## DATA FOR THIS TASK
⁂
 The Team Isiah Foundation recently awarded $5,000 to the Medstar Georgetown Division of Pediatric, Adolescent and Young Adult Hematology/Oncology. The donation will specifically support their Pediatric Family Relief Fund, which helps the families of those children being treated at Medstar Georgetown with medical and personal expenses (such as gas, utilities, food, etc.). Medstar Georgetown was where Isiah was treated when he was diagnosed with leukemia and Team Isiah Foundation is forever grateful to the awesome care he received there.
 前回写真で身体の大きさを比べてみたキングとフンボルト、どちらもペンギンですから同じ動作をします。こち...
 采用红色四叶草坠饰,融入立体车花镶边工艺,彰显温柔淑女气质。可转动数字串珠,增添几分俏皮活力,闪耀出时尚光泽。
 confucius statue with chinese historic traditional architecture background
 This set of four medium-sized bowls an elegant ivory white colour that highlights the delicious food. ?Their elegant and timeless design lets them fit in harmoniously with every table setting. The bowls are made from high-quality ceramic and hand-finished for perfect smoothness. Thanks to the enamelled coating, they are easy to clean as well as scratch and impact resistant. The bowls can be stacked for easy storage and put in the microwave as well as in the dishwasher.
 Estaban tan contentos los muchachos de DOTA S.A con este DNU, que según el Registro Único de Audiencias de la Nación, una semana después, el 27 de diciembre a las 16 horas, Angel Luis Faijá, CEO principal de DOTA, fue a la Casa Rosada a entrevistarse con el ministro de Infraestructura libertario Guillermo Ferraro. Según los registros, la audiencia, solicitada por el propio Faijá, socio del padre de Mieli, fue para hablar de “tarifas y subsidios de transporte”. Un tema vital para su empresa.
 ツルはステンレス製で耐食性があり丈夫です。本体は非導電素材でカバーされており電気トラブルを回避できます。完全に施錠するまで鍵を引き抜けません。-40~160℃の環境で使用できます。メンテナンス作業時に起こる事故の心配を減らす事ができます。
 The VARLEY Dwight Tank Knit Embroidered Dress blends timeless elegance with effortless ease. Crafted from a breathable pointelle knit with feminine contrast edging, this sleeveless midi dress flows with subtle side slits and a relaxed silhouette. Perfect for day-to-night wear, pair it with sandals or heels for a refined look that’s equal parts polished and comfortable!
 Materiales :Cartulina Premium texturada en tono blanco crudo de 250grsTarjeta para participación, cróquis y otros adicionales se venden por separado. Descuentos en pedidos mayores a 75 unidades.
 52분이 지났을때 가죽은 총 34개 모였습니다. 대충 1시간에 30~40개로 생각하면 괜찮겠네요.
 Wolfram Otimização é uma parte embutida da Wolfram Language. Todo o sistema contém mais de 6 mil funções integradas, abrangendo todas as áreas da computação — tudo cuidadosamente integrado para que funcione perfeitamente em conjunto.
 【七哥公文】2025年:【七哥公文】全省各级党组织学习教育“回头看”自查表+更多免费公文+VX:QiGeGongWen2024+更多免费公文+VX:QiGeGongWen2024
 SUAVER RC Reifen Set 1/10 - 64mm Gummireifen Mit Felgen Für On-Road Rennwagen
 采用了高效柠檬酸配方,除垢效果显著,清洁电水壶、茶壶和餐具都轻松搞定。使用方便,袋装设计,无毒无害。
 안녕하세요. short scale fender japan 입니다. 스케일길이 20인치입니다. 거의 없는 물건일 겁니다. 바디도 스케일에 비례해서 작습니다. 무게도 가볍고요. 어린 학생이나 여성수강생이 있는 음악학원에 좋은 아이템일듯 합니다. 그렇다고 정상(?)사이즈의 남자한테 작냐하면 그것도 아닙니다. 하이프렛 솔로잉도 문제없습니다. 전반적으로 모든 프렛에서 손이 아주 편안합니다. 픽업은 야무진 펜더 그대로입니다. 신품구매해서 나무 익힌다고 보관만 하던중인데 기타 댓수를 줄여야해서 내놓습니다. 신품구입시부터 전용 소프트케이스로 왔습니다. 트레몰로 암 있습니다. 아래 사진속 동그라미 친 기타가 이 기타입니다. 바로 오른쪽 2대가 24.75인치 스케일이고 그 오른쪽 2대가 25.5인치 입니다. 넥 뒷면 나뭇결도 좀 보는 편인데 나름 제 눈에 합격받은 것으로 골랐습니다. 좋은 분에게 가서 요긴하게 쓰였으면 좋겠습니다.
⁂
## WHAT YOU ARE ASKED TO DO
The response should be an exact copy of the lines from the one with "采用了高效柠檬酸配方,除垢效" through the end of the data, with no other text.

## EXERCISE ANSWER
 采用了高效柠檬酸配方,除垢效果显著,清洁电水壶、茶壶和餐具都轻松搞定。使用方便,袋装设计,无毒无害。
 안녕하세요. short scale fender japan 입니다. 스케일길이 20인치입니다. 거의 없는 물건일 겁니다. 바디도 스케일에 비례해서 작습니다. 무게도 가볍고요. 어린 학생이나 여성수강생이 있는 음악학원에 좋은 아이템일듯 합니다. 그렇다고 정상(?)사이즈의 남자한테 작냐하면 그것도 아닙니다. 하이프렛 솔로잉도 문제없습니다. 전반적으로 모든 프렛에서 손이 아주 편안합니다. 픽업은 야무진 펜더 그대로입니다. 신품구매해서 나무 익힌다고 보관만 하던중인데 기타 댓수를 줄여야해서 내놓습니다. 신품구입시부터 전용 소프트케이스로 왔습니다. 트레몰로 암 있습니다. 아래 사진속 동그라미 친 기타가 이 기타입니다. 바로 오른쪽 2대가 24.75인치 스케일이고 그 오른쪽 2대가 25.5인치 입니다. 넥 뒷면 나뭇결도 좀 보는 편인데 나름 제 눈에 합격받은 것으로 골랐습니다. 좋은 분에게 가서 요긴하게 쓰였으면 좋겠습니다.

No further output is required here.